| Work instructions |
In your answer, set down the records below exactly as they stand, omitting pictures.

START Records to process

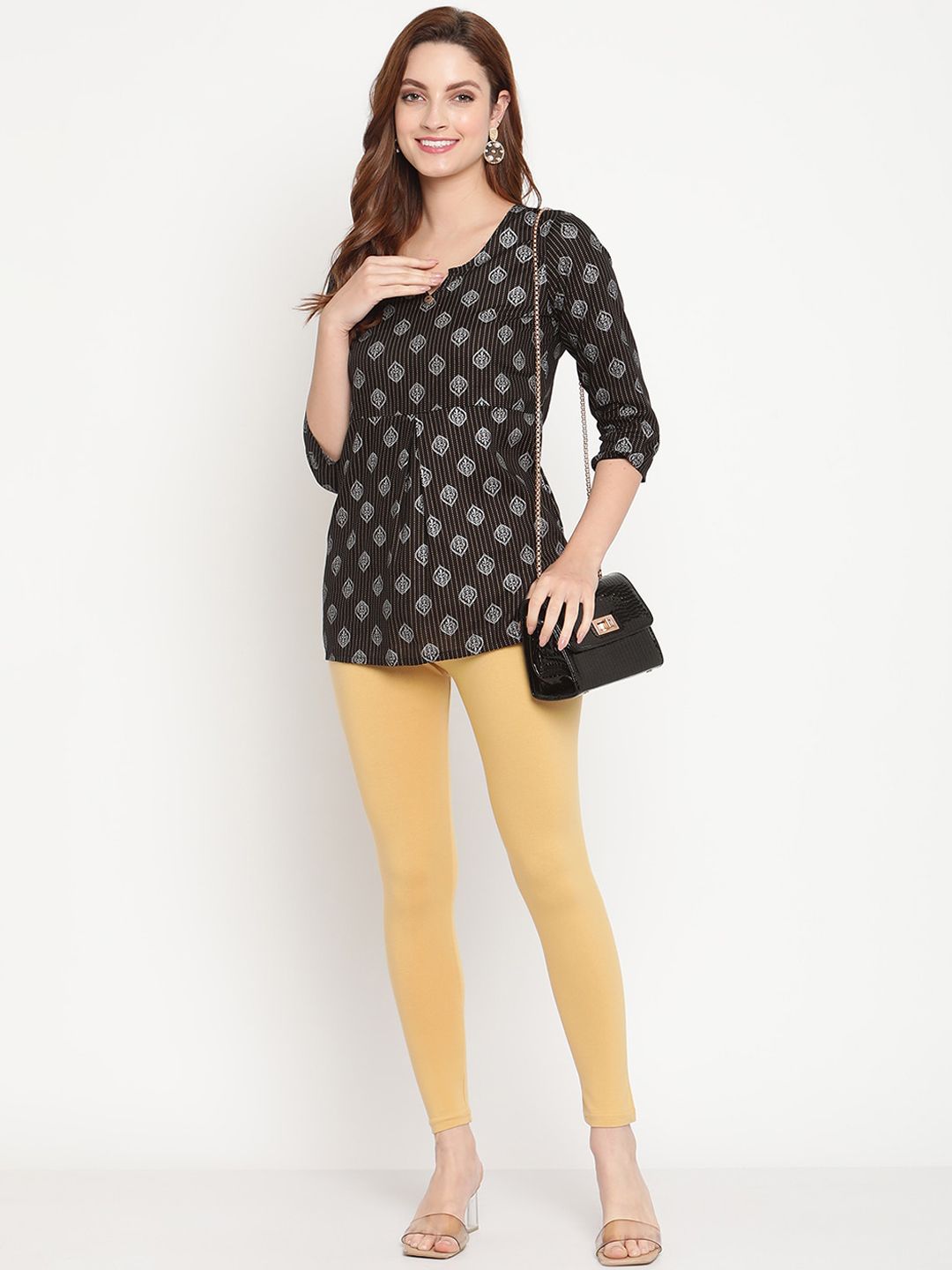 Complete your stylish casual look with this pair of Ankle Length Leggings from TAG 7. Style this with a contrasting kurta, a mini bag, and flat sandals for an eye-catchy casual look.
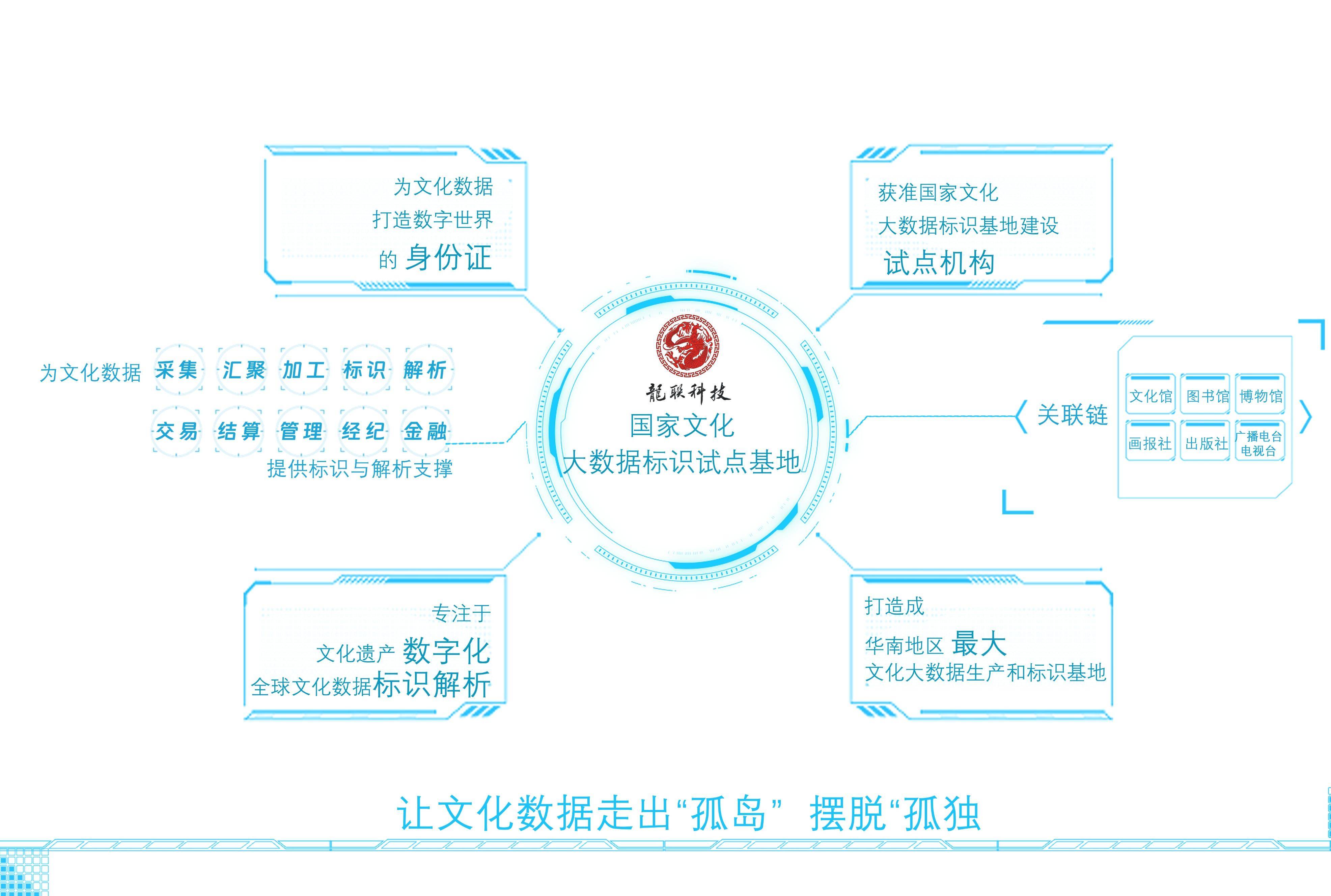 今年3月,中国公共关系协会文化大数据产业委员会启动了国家文化大数据标识基地建设试点工作,龙联科技积极响应并提出申请。5月,专委会批复同意龙联科技参与国家文化大数据标识基地建设试点,对外开展文化大数据生产和标识解析服务。各类文化机构和个人都可以通过龙联科技的服务接入国家文化专网,从事数据的采集、关联、重构、呈现、交易。
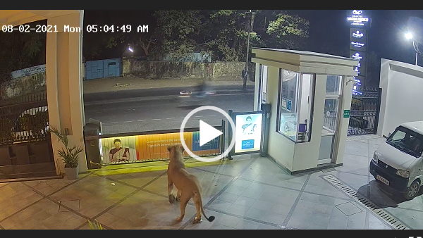 शेर का ये फेमस वीडियो राज्यसभा एमपी परिमल नाथवानी ने शेयर किया है। वीडियो में एक शेर घूमता हुआ जूनागढ़ रेलवे स्टेशन के पास बने सरोवर पोर्टिको होटल में सुबह 4 बजे के आसपास घुसता है। शेर होटल के गेट को जंप कर अंदर घुसता है। होटल के गेट पर तैनात सिक्योरिटी गार्ड शेर के अंदर घुसते देख लेता है, लेकिन डर के मारे वह अपने कैबिन से बाहर नहीं निकलता है।
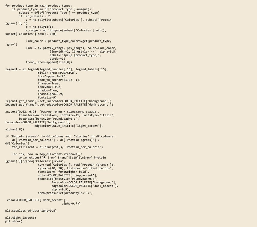 График точечной диаграммы позволяет одновременно анализировать четыре показателя (калории, белок, сахар, тип продукта) для целой группы товаров. Главная задача — выявить зависимости и аномалии на рынке.
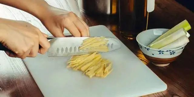 將準備好的原材料切絲、切片備用。
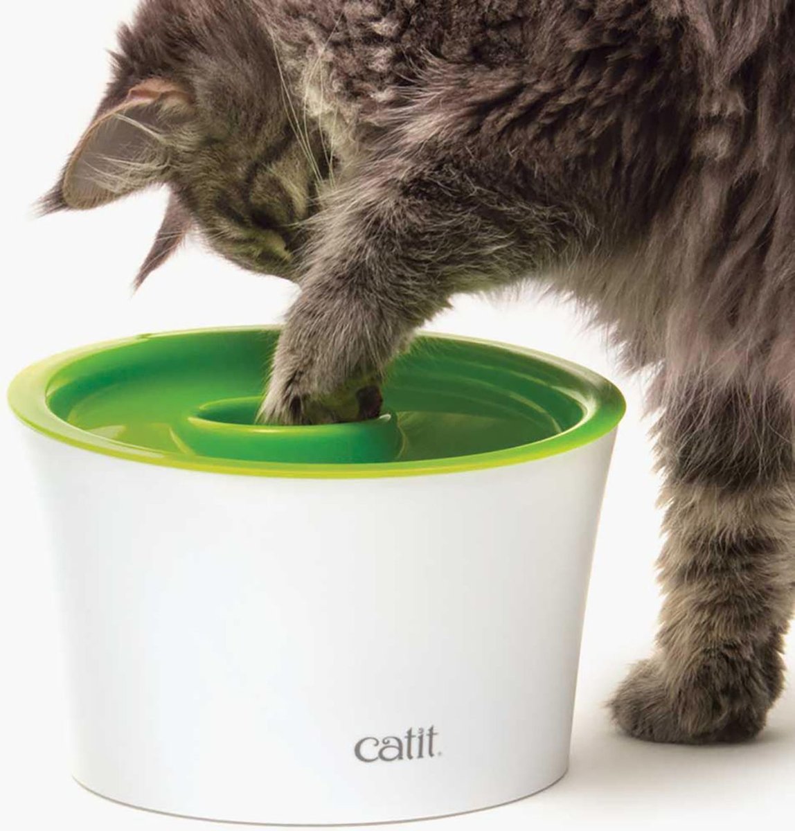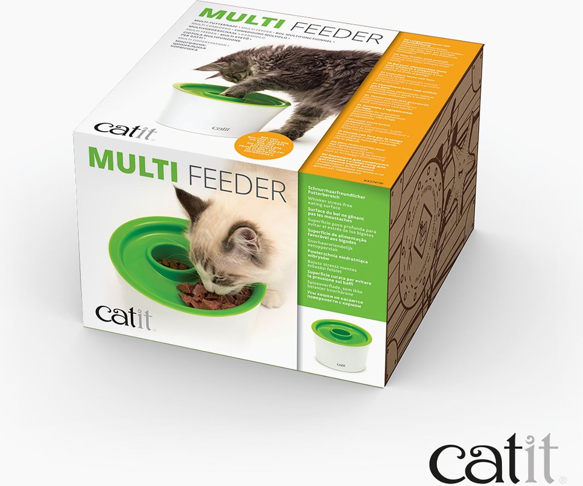This is my second Catit cat feeder. The other was too large and too loud, but I needed to challenge my fat Einstein Kitty. This is a simple item and it is easy for cats to use, but it still requires more effort for them to eat than than just a bowl or feeder. I wish it was a bit more complicated and held a bit more, but the cats are eating less and I am happy with it.
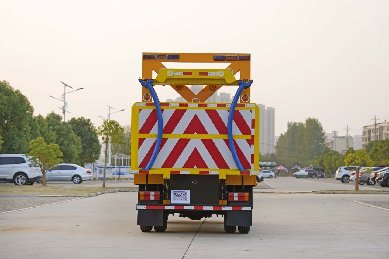 上裝配置:采用Q235國標(biāo)優(yōu)質(zhì)板材制作,貨箱尺寸:2580mm長*1950mm寬*450mm高,箱體后部防撞緩沖模塊包采用國際知名技術(shù)產(chǎn)品70K防撞緩沖模塊,防撞緩沖吸能模塊主要由車載防撞緩沖墊和導(dǎo)向標(biāo)志架組成,充當(dāng)施工作業(yè)車輛后方的緩沖衛(wèi)士。如若發(fā)生追尾事故,能夠在肇事車輛和前方施工作業(yè)區(qū)域之間構(gòu)建一個緩沖區(qū)域,通過機(jī)具結(jié)構(gòu)變形吸收撞擊的能量,最大限度地降低被保護(hù)人員及設(shè)備遭到碰撞的幾率。
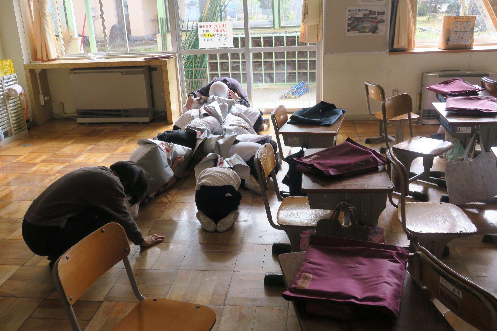 11月の命を守る訓練の様子です。今回の訓練では、実際に地震が起こってしまったことを想定し、一回目の揺れで長く机の下に身を隠しました。その後、避難しかけたところで再度大きな揺れが来たという放送が入り、頭を守る動きをしました。更に、先生方が救助活動をしていて人数確認ができないことを想定し、外に出て並んでからは子供たちが当日のクラスの人数と避難状況を報告する練習を行いました。実際に災害が起こってしまうと、大人は救済活動や消火活動に行かなくてはならない場面がありますので、子供たちが自分たちで命を守るための次の動きができるとよいなと考えています。
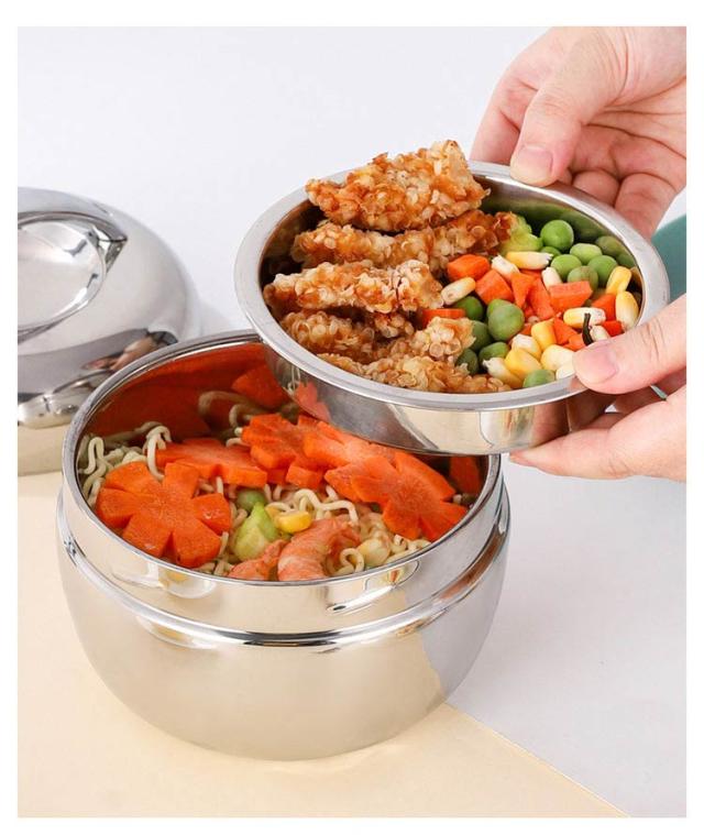 | コンパクトなのに大容量。3サイズ選べる!通勤、通学にぴったり保温弁当箱。 2段タイプなのでご飯容器におかず容器を重ねられるのでかさばらずコンパクトに中容器が大きく、おかずもたくさん入ります。 温かいごはんはもちろん、スープやカレーなどランチの幅が広がる。 真空二重構造なので保温効果が大幅にUP!丼ぶり型2段真空ランチボックス。 本体は絶対に電子レンジで使用しないでください。 | |
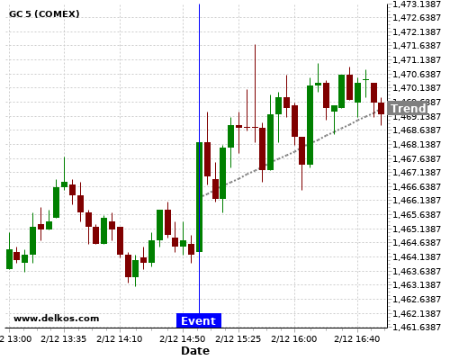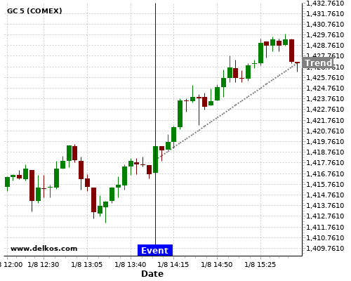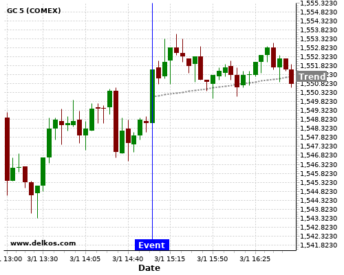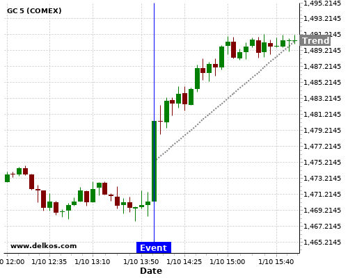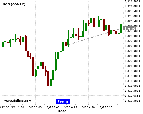 This probability is based on the last 12 US ISM Manufacturing PMI events, in which 6 of the last 8 events where the actual number was less than than the economist consensus resulted in an up trend of GC.
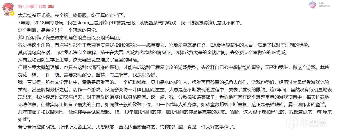 作爲一個武俠遊戲愛好者,我見過太多開局即巔峯的作品,也見證過不少高開低走的遺憾,但沒有一款遊戲像《太吾繪卷》這樣,讓我從 2018 年的驚豔,到 2022 年的揪心,再到 2025 年的熱血沸騰!當得知製作團隊終於將完整版定檔於 2026 年春節的時候,我瞬間淚目!這條跨越七年的江湖路,藏着太多玩家與開發者的羈絆。
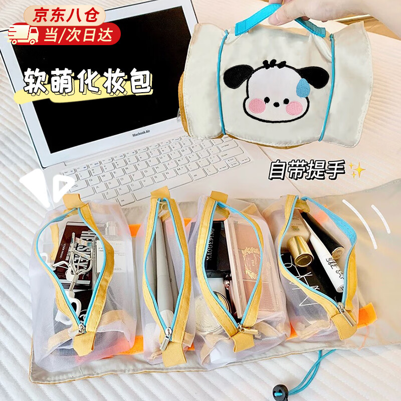 铂呐苓洗漱收纳包化妆手提折叠包便携装护肤品外出旅行出差可爱大容量包 卡通狗化妆包【流汗狗】
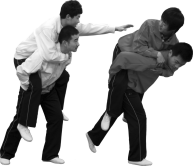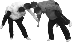 比赛开始前,一人作“战马”,另一人做“骑士”(俗称“背上的”见图1-3-1、“骑马的”,见图1-3-2)。
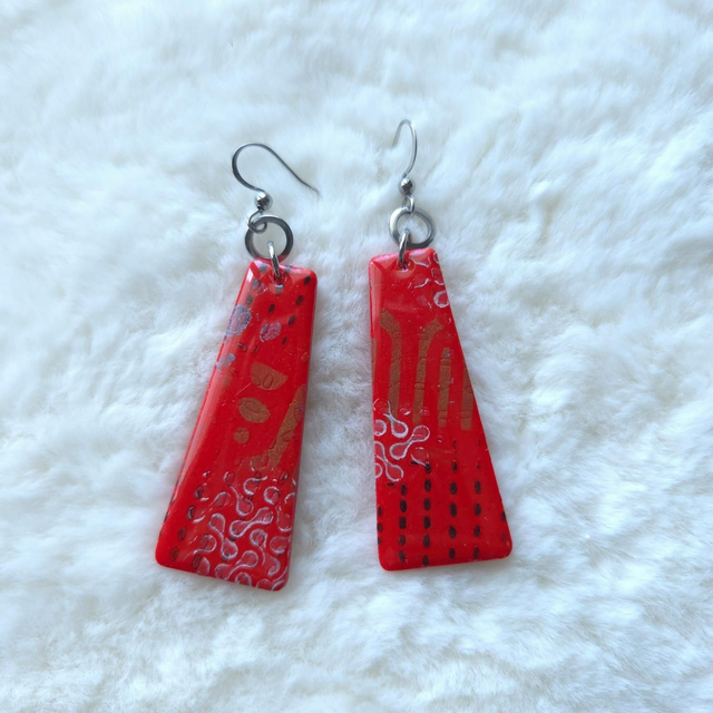 Frida est une paire de boucles d’oreilles vibrante et lumineuse, façonnée en argile polymère. Chaque élément est modelé, poncé et peint à la main, puis protégé par une fine couche de résine qui apporte une brillance subtile et met en valeur le motif.
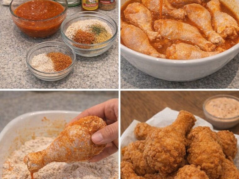 Dredge the chicken in the flour, back to the mixture it was marinating in and then back into the flour.
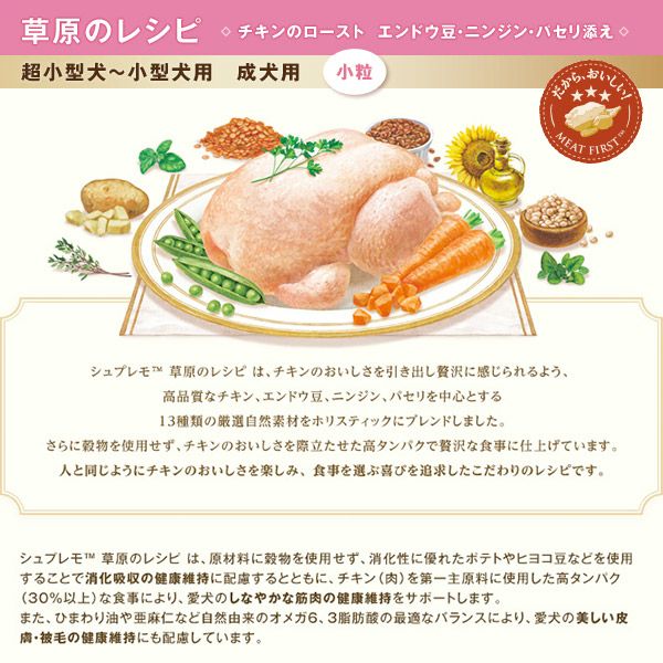 ニュートロ ワイルド レシピは、愛犬の祖先の食事に着目し、愛犬が本能的に求める高タンパクで穀物を使わない食事を、ターキー(肉)をはじめとする高品質な厳選自然素材で作りました。
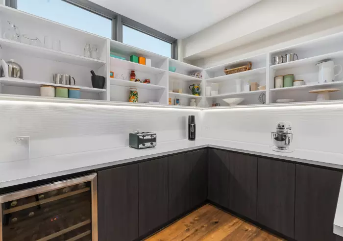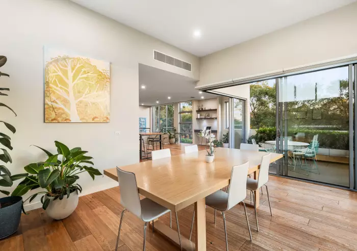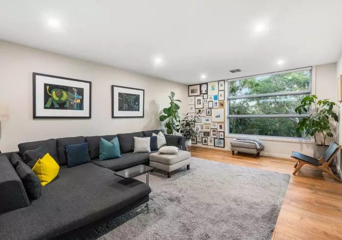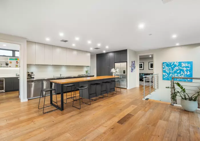 The upper level has been cleverly crafted to maximise the leafy outlook, featuring a spacious open-plan kitchen, living, and dining area that flows seamlessly through sliding doors to a private terrace—perfect for relaxed indoor-outdoor living.

END Records to process

| Output |
 Complete your stylish casual look with this pair of Ankle Length Leggings from TAG 7. Style this with a contrasting kurta, a mini bag, and flat sandals for an eye-catchy casual look.
 今年3月,中国公共关系协会文化大数据产业委员会启动了国家文化大数据标识基地建设试点工作,龙联科技积极响应并提出申请。5月,专委会批复同意龙联科技参与国家文化大数据标识基地建设试点,对外开展文化大数据生产和标识解析服务。各类文化机构和个人都可以通过龙联科技的服务接入国家文化专网,从事数据的采集、关联、重构、呈现、交易。
 शेर का ये फेमस वीडियो राज्यसभा एमपी परिमल नाथवानी ने शेयर किया है। वीडियो में एक शेर घूमता हुआ जूनागढ़ रेलवे स्टेशन के पास बने सरोवर पोर्टिको होटल में सुबह 4 बजे के आसपास घुसता है। शेर होटल के गेट को जंप कर अंदर घुसता है। होटल के गेट पर तैनात सिक्योरिटी गार्ड शेर के अंदर घुसते देख लेता है, लेकिन डर के मारे वह अपने कैबिन से बाहर नहीं निकलता है।
 График точечной диаграммы позволяет одновременно анализировать четыре показателя (калории, белок, сахар, тип продукта) для целой группы товаров. Главная задача — выявить зависимости и аномалии на рынке.
 將準備好的原材料切絲、切片備用。
This is my second Catit cat feeder. The other was too large and too loud, but I needed to challenge my fat Einstein Kitty. This is a simple item and it is easy for cats to use, but it still requires more effort for them to eat than than just a bowl or feeder. I wish it was a bit more complicated and held a bit more, but the cats are eating less and I am happy with it.
 上裝配置:采用Q235國標(biāo)優(yōu)質(zhì)板材制作,貨箱尺寸:2580mm長*1950mm寬*450mm高,箱體后部防撞緩沖模塊包采用國際知名技術(shù)產(chǎn)品70K防撞緩沖模塊,防撞緩沖吸能模塊主要由車載防撞緩沖墊和導(dǎo)向標(biāo)志架組成,充當(dāng)施工作業(yè)車輛后方的緩沖衛(wèi)士。如若發(fā)生追尾事故,能夠在肇事車輛和前方施工作業(yè)區(qū)域之間構(gòu)建一個緩沖區(qū)域,通過機(jī)具結(jié)構(gòu)變形吸收撞擊的能量,最大限度地降低被保護(hù)人員及設(shè)備遭到碰撞的幾率。
 11月の命を守る訓練の様子です。今回の訓練では、実際に地震が起こってしまったことを想定し、一回目の揺れで長く机の下に身を隠しました。その後、避難しかけたところで再度大きな揺れが来たという放送が入り、頭を守る動きをしました。更に、先生方が救助活動をしていて人数確認ができないことを想定し、外に出て並んでからは子供たちが当日のクラスの人数と避難状況を報告する練習を行いました。実際に災害が起こってしまうと、大人は救済活動や消火活動に行かなくてはならない場面がありますので、子供たちが自分たちで命を守るための次の動きができるとよいなと考えています。
 | コンパクトなのに大容量。3サイズ選べる!通勤、通学にぴったり保温弁当箱。 2段タイプなのでご飯容器におかず容器を重ねられるのでかさばらずコンパクトに中容器が大きく、おかずもたくさん入ります。 温かいごはんはもちろん、スープやカレーなどランチの幅が広がる。 真空二重構造なので保温効果が大幅にUP!丼ぶり型2段真空ランチボックス。 本体は絶対に電子レンジで使用しないでください。 | |
 This probability is based on the last 12 US ISM Manufacturing PMI events, in which 6 of the last 8 events where the actual number was less than than the economist consensus resulted in an up trend of GC.
 作爲一個武俠遊戲愛好者,我見過太多開局即巔峯的作品,也見證過不少高開低走的遺憾,但沒有一款遊戲像《太吾繪卷》這樣,讓我從 2018 年的驚豔,到 2022 年的揪心,再到 2025 年的熱血沸騰!當得知製作團隊終於將完整版定檔於 2026 年春節的時候,我瞬間淚目!這條跨越七年的江湖路,藏着太多玩家與開發者的羈絆。
 铂呐苓洗漱收纳包化妆手提折叠包便携装护肤品外出旅行出差可爱大容量包 卡通狗化妆包【流汗狗】
 比赛开始前,一人作“战马”,另一人做“骑士”(俗称“背上的”见图1-3-1、“骑马的”,见图1-3-2)。
 Frida est une paire de boucles d’oreilles vibrante et lumineuse, façonnée en argile polymère. Chaque élément est modelé, poncé et peint à la main, puis protégé par une fine couche de résine qui apporte une brillance subtile et met en valeur le motif.
 Dredge the chicken in the flour, back to the mixture it was marinating in and then back into the flour.
 ニュートロ ワイルド レシピは、愛犬の祖先の食事に着目し、愛犬が本能的に求める高タンパクで穀物を使わない食事を、ターキー(肉)をはじめとする高品質な厳選自然素材で作りました。
 The upper level has been cleverly crafted to maximise the leafy outlook, featuring a spacious open-plan kitchen, living, and dining area that flows seamlessly through sliding doors to a private terrace—perfect for relaxed indoor-outdoor living.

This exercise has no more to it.